How old were you when you were shipped out to Hollywood?
Yes, I was fifteen and and I was shortly going to be sixteen. And Joan practically met me at the airport, but she was at her apartment and she said uh ... Okay, she said, I'm going off to the West Indies on location. Here's the keys to the apartment. Look after the apartment, water the plants, learn to drive, and goodbye, Charlie. And she was gone, and I was alone, and it was so great.
Presenter asks
Did the casting couch exist, or is it a Hollywood myth?
It did exist and it does exist. I mean, I would often go on an interview and they would say, Oh, can you lift your skirt a little higher? or can you have dinner tonight? And I mean, I would just smile because I was always quite cynical and always amused by the things men would get up to.
Presenter asks
What kind of drugs was [your first husband] using?
You know, it's this very strange thing. I married this guy, I was very young, I was about eighteen or nineteen, and he got depressed, so he went to a psychiatrist, and the psychiatrist would give him a drug called methadrine, which today is called speed. ... And the psychiatrist had to go on vacation one day and he said, Here's the equipment, here's how you inject yourself, goodbye, I'll be back in two weeks. And of course, by the time he came back, my husband was an addict.
Presenter asks
What was it that made you want to start being a novelist?
Well, I started to write before I was married the second time.
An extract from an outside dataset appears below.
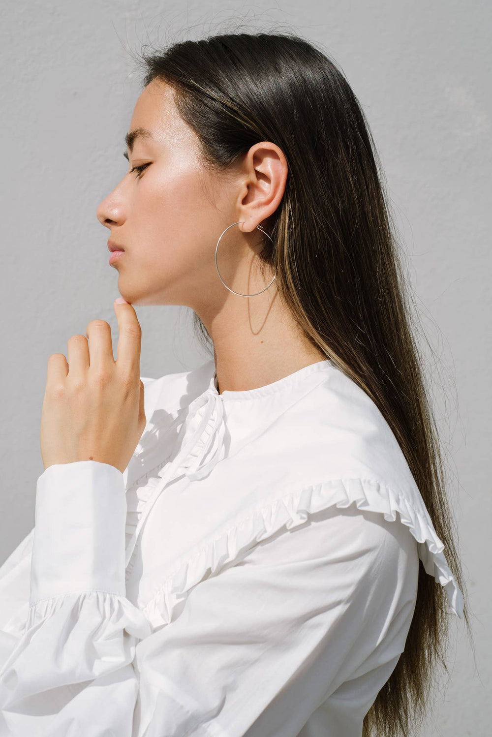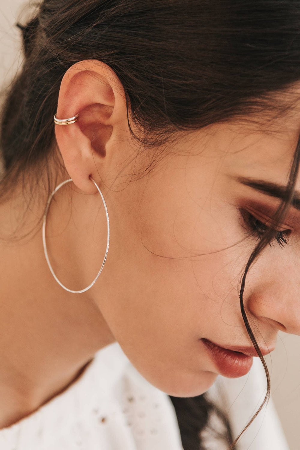 Circular-shaped, fully closed pull-through hoops with delicate tapped detail. Super lightweight and easy to wear.
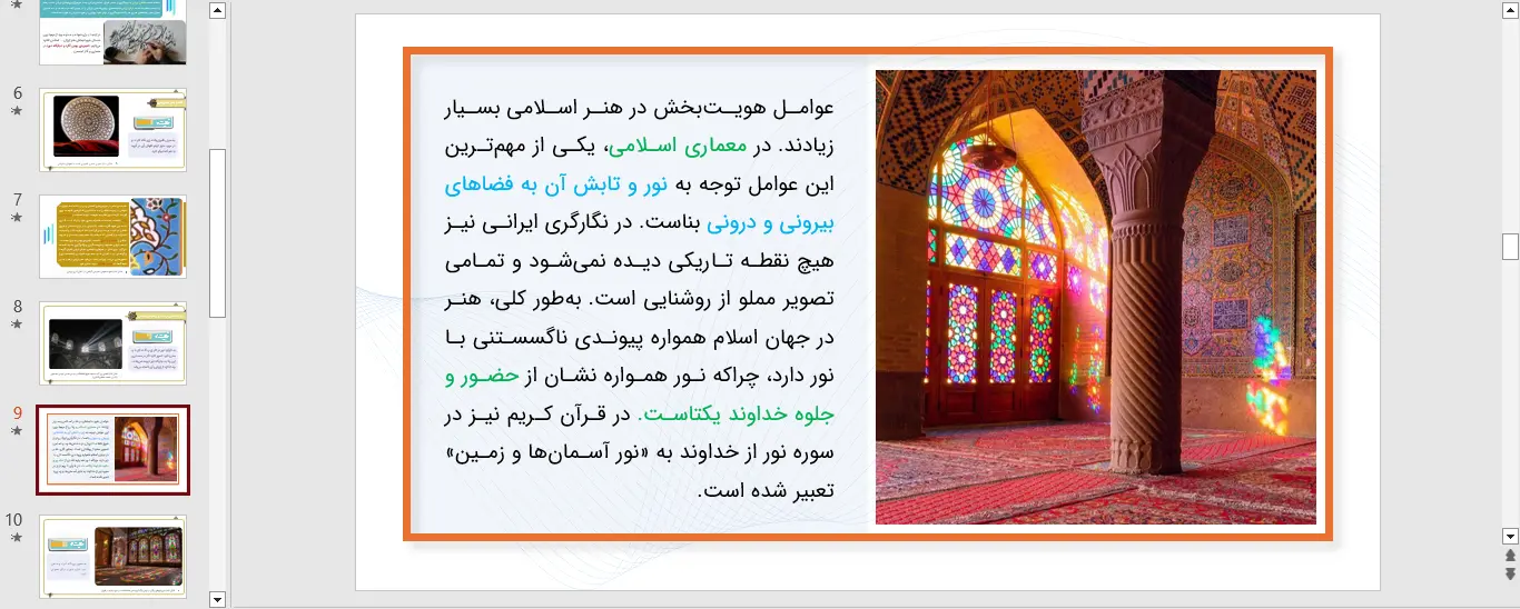 نمونه ای از اسلاید های پاورپوینت درس 4 هنر دهم و یازدهم مشترک – خصایص فرهنگ ایرانی اسلامی

I was in London at the time, and I had had these experiences in Hollywood, and I'd had a lot of ... Married men come on to me. ... And I started to write this book called The World is Full of Married Men, and up until that time I'd been writing all my life. I'd written a lot of half books that I hadn't finished. ... And I met my present husband, Oscar. ... And he said, let me see it. So I showed it to him. And he was the first person that said to me, it's absolutely terrific and you can do it. And so I did it.
“I was writing at school. I I really hated school a lot, because I never thought that they taught you anything, you know. They never made it interesting, they never made you want to learn.”
“I think the best high of all is to fast. I mean, if you fast for three days you feel better than you ever can in a million years if you're high.”
“Well, I brought them up with this uh phrase I I said to them when they were very little, before they could speak. I said, Girls can do and the first word they learned was anything. It wasn't mummy or daddy, it was anything.”